Puso la cesta y la ropa del bebé dentro del coche. Ropa interior, calcetines, una chaquetilla de lana, pantalones y hasta una gorra diminuta. Éstas eran las cosas que Himiko había tardado más de una hora en comprar, mientras él aguardaba en el coche, intranquilo por la tardanza. Incluso llegó a pensar que Himiko le había abandonado, tanto se demoraba.
– Bird, la comida está lista -dijo la chica cuando Bird entró.
Himiko estaba comiendo una salchicha de pie en la cocina. A Bird le asqueó el olor a ajo que desprendía la sartén y sacudió la cabeza. Himiko tomó un sorbo de agua y, con el vaso en la mano y expeliendo un fuerte olor a ajo, dijo:
– Si no tienes hambre, dúchate.
– Eso haré -dijo Bird, aliviado.
Generalmente cuando se duchaba sentía deseos sexuales, pero hoy sólo sentía un doloroso martilleo en el corazón. Cerró los ojos bajo la lluvia tibia, inclinó la cabeza hacia atrás e intentó frotarse detrás de las orejas. Poco después, Himiko se metió con él bajo la ducha y comenzó a lavarse rascándose enérgicamente en todo el cuerpo. Bird salió del cuarto de baño. Mientras se secaba oyó un golpe seco, como el golpe de algo pesado contra el suelo, fuera de la casa. Se asomó a la ventana y vio que el MG escoraba peligrosamente, semejante a un barco naufragando: el neumático delantero derecho había desaparecido. Se vistió en un santiamén y salió: las pisadas se alejaban por el callejón pero Bird se entretuvo examinando el coche. Alguien lo había levantado con un gato, había quitado el neumático y desaparecido en un momento. El gato estaba bajo el coche, como un brazo fracturado. Un faro delantero se había roto.

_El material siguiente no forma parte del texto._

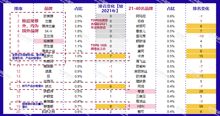 白皮书显示,2022年美妆个护头部企业格局基本稳定,TOP5格局未变,仍为欧莱雅、宝洁、雅诗兰黛、资生堂与LVMH。值得关注的是,本土企业珀莱雅、华熙生物崛起之势极为明显。
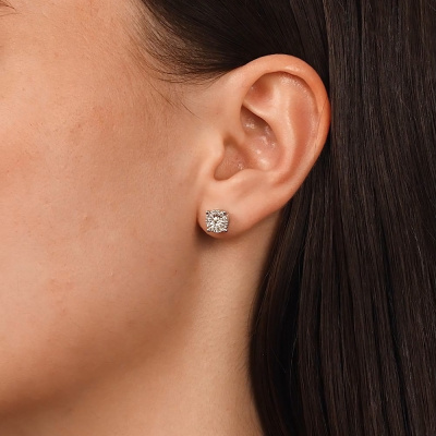 Серьги с 2 бриллиантами природными, 0.11 карат, огранка круг 57 граней, цвет 4, чистота 5, тип огранки А; 24 бриллиантами природными, 0.1 карат, огранка круг 17 граней, цвет 2, чистота 2, тип огранки А; Белое золото 585 пробы.

– ¡Han robado un neumático! -gritó a Himiko, que aún seguía en la ducha-. ¿Tienes repuesto?
– Al fondo del trastero.
– Pero ¿a quién se le ocurriría robar sólo un neumático?
– ¿Recuerdas el chico joven que viste por la ventana aquella noche, antes de que llegara el doctor de cabeza de huevo? Pues ha sido él. Es uno de sus numeritos. Seguro que nos está observando desde algún sitio -explicó Himiko a gritos, como si no hubiera sucedido nada-. Si no le damos importancia y nos ve partir, seguro que llorará en su escondite como un niño. Intentémoslo.
– Si, muy bien, pero antes hay que ver si el coche funciona.
Bird puso el neumático de recambio y encendió el motor. Funcionaba, pero él estaba sucio de barro y grasa, y sudaba a mares. Tuvo ganas de darse otra ducha, pero Himiko ya estaba lista. Partieron como estaban y al salir del callejón alguien les arrojó guijarros al techo.
– Ven tú también -instó a Himiko cuando ella no hizo nada por salir del coche.
Avanzaron juntos y de prisa por el corredor que conducía a la sala de cuidados intensivos. Bird sujetaba la cesta e Himiko la ropa del bebé. En el hospital había una atmósfera extraña, ningún paciente les prestaba atención. Tal vez se debía a la lluvia y el viento, y a los truenos que retumbaban a lo lejos. Bird buscaba las palabras para hacer entender a las enfermeras que se llevaría al bebé. Pero en la sala ya se sabía que venían por el bebé, lo que alivió a Bird. Igual se mantuvo inexpresivo, con la mirada fija en el suelo, y respondió lo imprescindible a las preguntas rutinarias. No deseaba que ninguna enfermera se pusiera a hacer preguntas inoportunas.